1. for automated data download:

(downloads 2019 ACS, PUMS, and LODES data)

(see below for manual download instructions)

edit geo.json

geos: list of areas to include in the synth pop
only CBGs starting with these strings will be included
(two chars for state FIPS, 5 chars for county, more for sub-county; any combination is ok)

commute_states: list of state FIPS that are plausibly within commute distance of the synth pop

use_pums: list of state FIPS whose microdata should be used when generating cbgs by urban/rural proportion
(usually ok to leave this out; see methods paper for details)

install R and required packages:

R 4.4.1, rjson, here, tidyverse, data.table, censusapi, tidycensus, lehdr, usmap, geojsonio

paste it into download_data.R

key = "YOUR_CENSUS_API_KEY"

run script:

Rscript download_data.R

some data must still be downloaded manually:

into folder "geo"

(2010 file is already in this repo)

census tract to PUMA relationship file, *Census_Tract_to*PUMA*.*
(census boundaries were changed in 2020; choose the year corresponding to ACS year)

(geocorr2018 data for all US states is already in this repo)

puma to county, rename to *puma_to_county*.*
puma to cbsa (latest), rename to *puma_to_cbsa*.*
puma to urban-rural portion, rename to *puma_urban_rural*.*
cbg to cbsa (latest), rename *cbg_to_cbsa*.*
cbg to urban-rural portion, rename to *cbg_urban_rural*.*

into folder "work"

(2016 complete county file is already in this repo; more complete than later data)

cbp16co.zip

into folder "school"

school locations: EDGE_GEOCODE_PUBLICSCH_*.xlsx
GIS data: folder Shapefile_SCH

(choose "Nonfiscal" and Level = "School" from the dropdown options)

info about grades offered: "Directory" file ccd_sch_029*.csv or .zip
enrollment data: "Membership" file ccd_sch_052*.csv or .zip
number of teachers: "Staff" file ccd_sch_059*.csv or .zip

2. (optional) edit config.json

inc_adj: current year ADJINC from PUMS "Data Dictionary" at https://www.census.gov/programs-surveys/acs/microdata/documentation.html
inc_cats: arbitrary labels for income categories
inc_cols: corresponding sets of columns from ACS table B19001
income_associativity_coefficient: SBM associativity between income groups when generating workplace networks
school_associativity_coefficient: SBM associativity between school grades when generating school networks
inst_res_per_worker: # of institutional group quarters residents per staff member
noninst_res_per_worker: # of non-institutional group quarters residents per staff member
workplace_K: mean degree for workplace networks (mean # of regular work contacts)
school_K: mean degree for school networks (mean # of regular school contacts)
gq_K: mean degree for group quarters networks (mean # of contacts within group quarters)
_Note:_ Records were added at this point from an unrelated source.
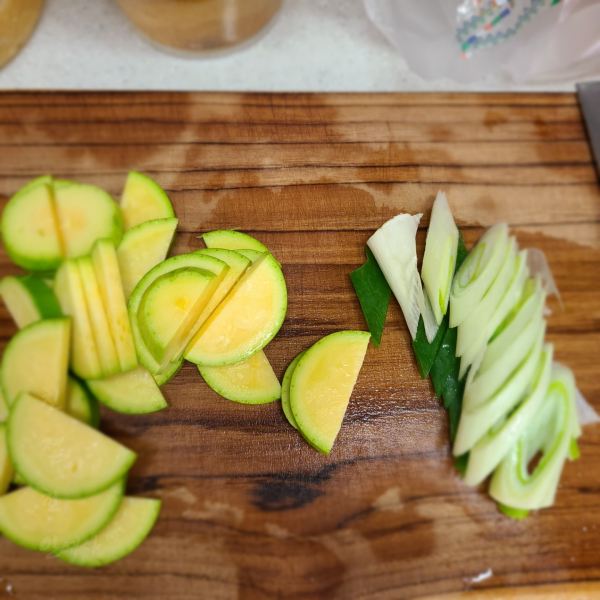 호박반개와 대파를 송송 썰어놓고
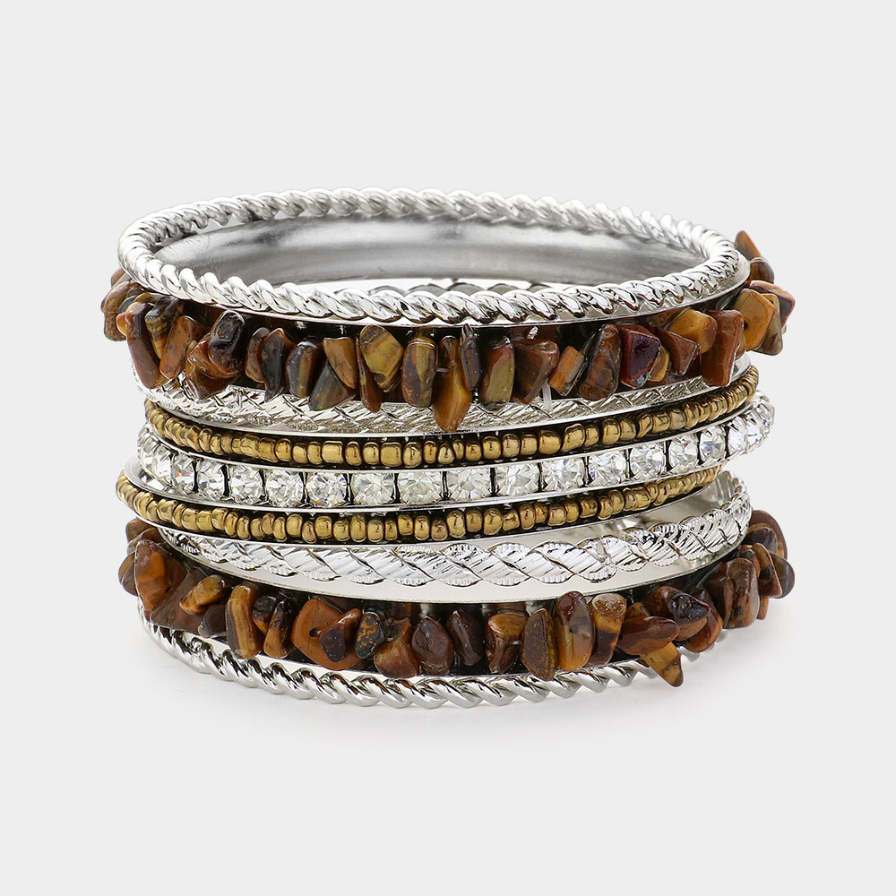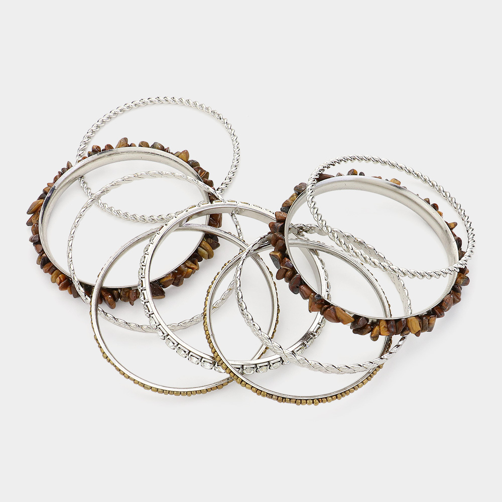 9PCS - Seafoam Pebble Beaded Metal Stack Bracelet
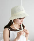 繊細なレース編みが目を引く、涼しげなスリットハット。サイドのスリットが程よい抜け感をプラスし、軽やかな印象に◎また、髪をまとめても被りやすくなっています♪通気性が良く、暑い季節でも快適に着用いただけます。トレンドのあごひも付きで、あご下で結んでも、ラフに垂らしてもサマになるデザインなので、機能性とオシャレを両立できます。
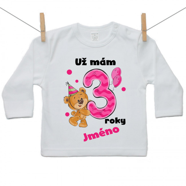 Tričko s dlouhým rukávem Už mám 3 roky s Medvídkem a jménem dítěte Dívka
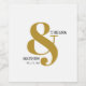 Wine labels with large rustic gold ampersand and names in black block text on a white background and small date field. Great for wedding and anniversary receptions.
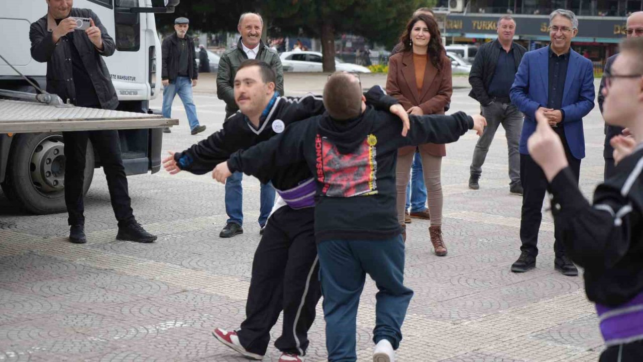 Samsun'da Engelliler Haftası çerçevesinde yapılan etkinlikler renkli anlara sahne oldu. Engelliler çalınan müziklerle kurtlarını döktü.10-16 Mayıs Engelliler Haftası etkinlikleri "farkındalık yürüyüşü" ile başladı. Tütün İskelesi'nde başlayan yürüyüş, Atatürk Anıtı'na kadar devam etti. Akabinde anıtta tören, düzenlendi. Burada çelenklerin sunumundan sonra saygı duruşunda bulunulması ve İstiklal Marşı okundu. Anıttaki törende konuşan Down Sendromlu Çocuklar ve Aileleri Eğitim Dayanışma Derneği (Down Çed) Başkanı Ulviye Demirci, "Engelli bireylerin diğer bireylerle eşit şartlarda yaşam sürdürebilmelerine dikkat çekmek amacıyla Birleşmiş Milletler'e üye 156 ülkede eş zamanlı olarak farkındalık çalışmaları yapılmaktadır. Engelli bireylerin toplumsal yaşamın her alanına aktif katılmalarını sağlamak herkesin görevidir. Engelli bireylerde topluma fayda sağlayabilecek potansiyele sahiptir. Toplumun her kesimin duyarlılığına ihtiyaçlarına vardır. Mutlu bir toplum inşa etmek farklılıkları kabul etmekle olur" dedi."9 bin 312 engellimize evde bakım hizmeti"Aile ve Sosyal Hizmetler İl Müdür Yardımcısı Necmettin Aygün ise "Aile ve Sosyal Hizmet İl Müdürlüğü olarak bin 125 engellimize yaşlı bakım hizmeti, 9 bin 312 engellimize evde bakım hizmeti, kimlik kartı olarak 31 bin 462 engellimize kimlik kartlarımızı ulaştırdık. Erişebilir bir yaşam herkesin hakkıdır. Bu alandaki çalışmalarımızı karalılıkla sürdürmekteyiz. Bu konuda kat edilmesi gereken mesafeler olduğunu da farkındayız" diye konuştu.Oyun havası oynadılarAnıttaki törenin ardından Cumhuriyet Meydanı'na geçildi. Burada çalınan şarkılarla engelliler oyun havaları oynadı, halk oyunları gösterileri yaptı. Ayrıca kurulan stantlarda el emeği ürünler de satışa sunuldu. Etkinliklere Samsun Vali Yardımcısı Vekili/Canik Kaymakamı Şeref Aydın da katıldı.
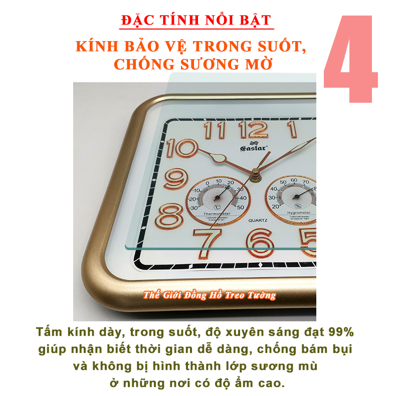 1. ĐẶC ĐIỂM NỔI BẬT: - Đồng Hồ Treo Tường Cao Cấp EASTAR Kim điện tử, Dạ quang, Đồng hồ Lịch Vạn Niên và Nhiệt kế hình Chữ nhật, Mặt kính Nổi, hiện đại, sang
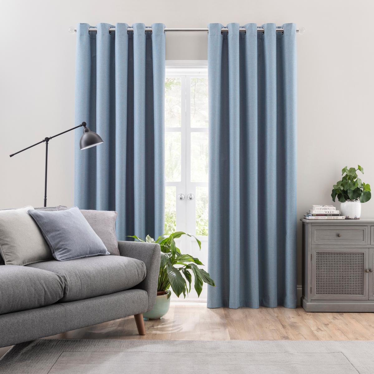 Made with three layers of blackout coating for premium performance, these elegant Montreal Ultra Blackout eyelet curtains are ideal for ensuring maximum light block and are plain in design to complement any room. Designed with a discreet blackout-lined panel which folds down behind your curtain pole to prevent light coming through the eyelets. Secured with Velcro fastenings which attach to your curtain pole, these curtains wrap around your window to prevent light from entering at the sides of the curtain and are perfect for ensuring maximum light block. The blackout coating with thermal properties, improves insulation by blocking out heat in summer and maintaining warmth in winter. These curtains bring a stylish edge to any room and are perfect for improving privacy whilst ensuring a great night's sleep. Available in a selection of colours and sizes to suit your requirements.

3. install python and julia libraries:

python 3.9.16, pandas 1.5.3, numpy 1.24.3, geopandas 0.12.2, shapely 2.0.1, openpyxl 3.0.10
julia 1.9.0, CSV v0.10.10, DataFrames v1.5.0, Graphs v1.8.0, InlineStrings v1.4.0, JSON v0.21.4, MatrixMarket v0.4.0, StatsBase v0.33.21, ProportionalFitting v0.3.0

4. run scripts:

python census.py
julia -p auto CO.jl 
    (searches for optimal combination of samples to match census data, takes a while)
    (uses multiple local processors; "-p auto" uses all available cores)
julia synthpop.jl

5. (optional) export population and/or network to csv

if continuing in julia, the population and contact network are serialized in folder "jlse"

otherwise, run export script(s):

julia export_synthpop.jl
julia export_network.jl

exports appear in folder "pop_export"

network is exported as a sparse matrix in Matrix Market native exchange format https://math.nist.gov/MatrixMarket/formats.html#MMformat

The file adj_mat_keys maps the indices of the contact matrix to the people in people.csv. NOTE The indices in the .mtx files begin at 1. If you are reading the matrix into Juila (or R), everything will work as expected. If you read it into Python using scipy.io.mmread, it will automatically subtract 1 from all the index values to make it 0-indexed. In adj_mat_keys, refer to the column (index_one or index_zero) corresponding to how the matrix ends up getting indexed. (In the older version, subtract 1 from the "index" column if your matrix becomes 0-indexed.)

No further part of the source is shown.